3. It is not disputed before us that the entire Will was in the handwriting of the deceased including the portions which had been filled up. It is also admitted before us by both the parties that the initials are the initials of the deceased and so also the signature appearing at the foot of the Will.

4. One of the main questions in this appeal is whether or not the signature of the deceased on the said Will was put in 1943 as deposed by the attesting witnesses. Incidentally the other question, which arises is whether or not the initials and the filling up of the blank portions were done also in 1943 as deposed by the said witnesses. The caveators' case, amongst others, was that the signature was not put in 1943 but must have been put in some time in 1946 or 1947. It is not disputed before us that if it is held that the signature of the deceased could not have been put in 1943 then the evidence or the attesting witnesses, namely, that they attested the Will on 29-8-1943 and that the signature of the deceased was put in on that date must be false and in that event it must be held that the Will had not been proved.

5. The will can by no means be said to be an unnatural document. Sunil, Rajkumar and Sochi were appointed executors. The Will contains dispositions in favour of his wife Nirod Kali and also in favour of his daughters Rani, Sushila and Nihar. The premises No. 19. Ekbalpur Lane had been devised and bequeathed to his son, Subodh and premises No. 20. Ekbalpore Lane to Rajkumar. Premises No. 76 Hazra Road to Soshi, Premises No. 22. Dwarkanath Road, life interest of which was given to his wife had been bequeathed to his son. Sunil. With regard to the family dwelling house the deceased devised and bequeathed the same to his two sons and grandson Bijoy, as shown in the partition map annexed to the said Will, wherein each allotment is shown in distinguishing colours with the name of the devisee written thereon. It is further written in the Will that the vacant plot of land on the west of the dwelling house the deceased shall partition among the children in such manner as is shown in the annexed map. It is further stated in the said Will that the testator had a mind to carry out and effectuate the partition as stated in his lifetime to avoid any future difficulty or complications and it would be his endeavour to complete all necessary work as mentioned in his lifetime. If the testator was unable to complete the necessary work, as mentioned, in his lifetime, then the rest and residue would go to his living sons except Sukumar. These are the facts which are necessary to be stated for the present.
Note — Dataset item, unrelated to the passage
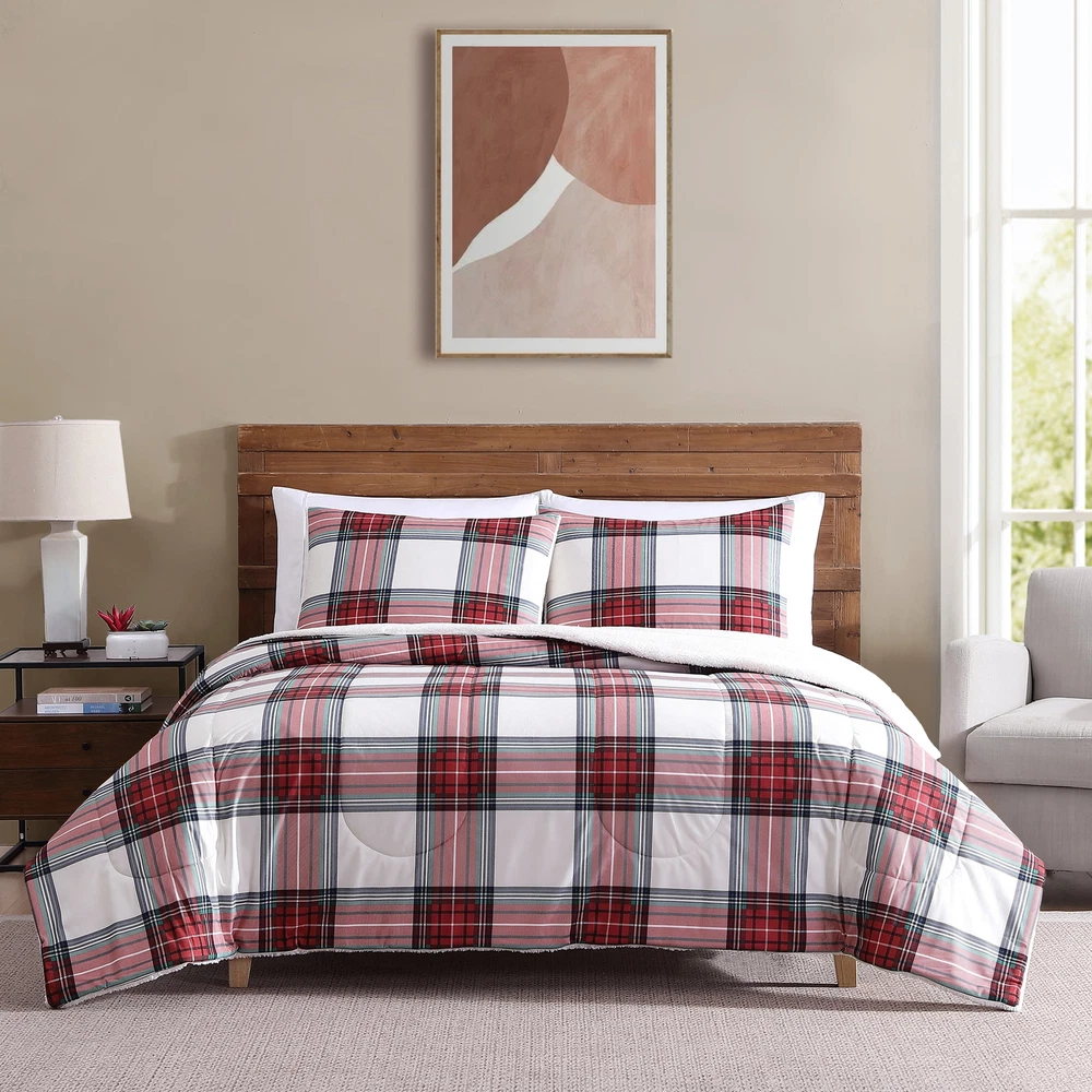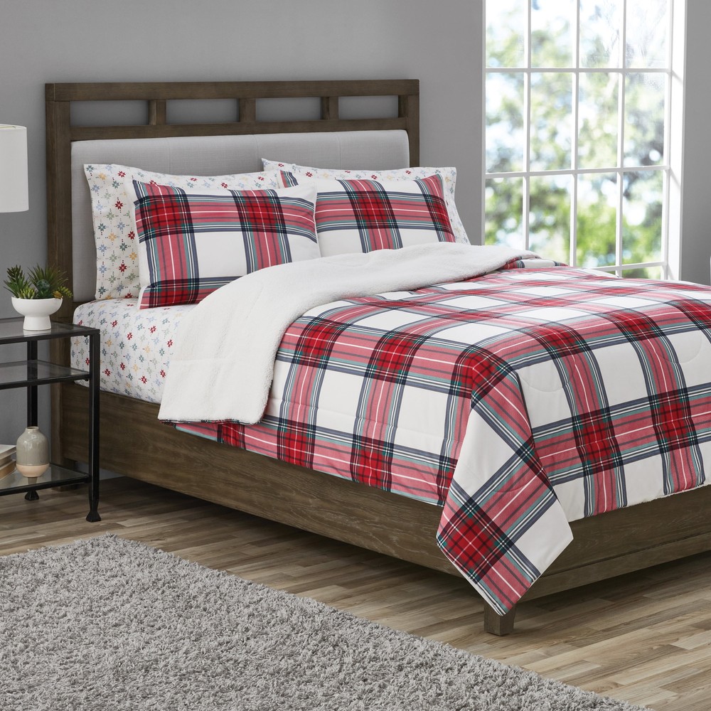 Get cozy with Mainstays 3-piece Adult Flannel Reverse to Sherpa Adult Comforter Set. This set includes a polyester flannel comforter with coordinating shams that reverse to a sherpa finish on the other side. The Sherpa reverse adds additional softness and warmth to your comforter, perfect for those cooler nights. This set is durable and machine washable, making it long lasting and easy to care for. Choose from a variety of prints and sizes to complete any bedroom in your home! • Mainstays Reversible 3-piece Adult Flannel/Sherpa Comforter Set • Includes 1 Full/Queen Reversible Comforter • 86x90” and 2 coordinating Shams: 20X26” • Super soft Flannel fabric with Sherpa reverse. • Cozy & warm for comfort and relaxation. • Made with durable 100% polyester fibers. • Heat transfer heat design with double diamond quilting pattern. • Easy care, machine washable. • Available in Stores and online.

6. The propounders' case was that this is the genuine Will of the testator duly executed and attested. It was signed and executed on the date it bears, that is 29-8-1943. The propounders' case further is that the body of the Will was written out some time between January and June, 1943. At that time some portions were left blank. On 29-8-1943, that is the day on which the Will was executed, the testator filled up the blanks and made some additions and alterations with his own hand and put his initials by the side of those filled up or added Or altered portions and finally put his signature on the Will at the bottom. The Will, as mentioned, refers to a plan. 'The testator after putting his signature on the Will also signed the plan and also put the names of the persons to whom the allotments shown therein were given. All these were done in the presence of the two attesting witnesses, that is, Manmatha and Sambhu, who thereafter signed both the Will and the plan as attesting witnesses.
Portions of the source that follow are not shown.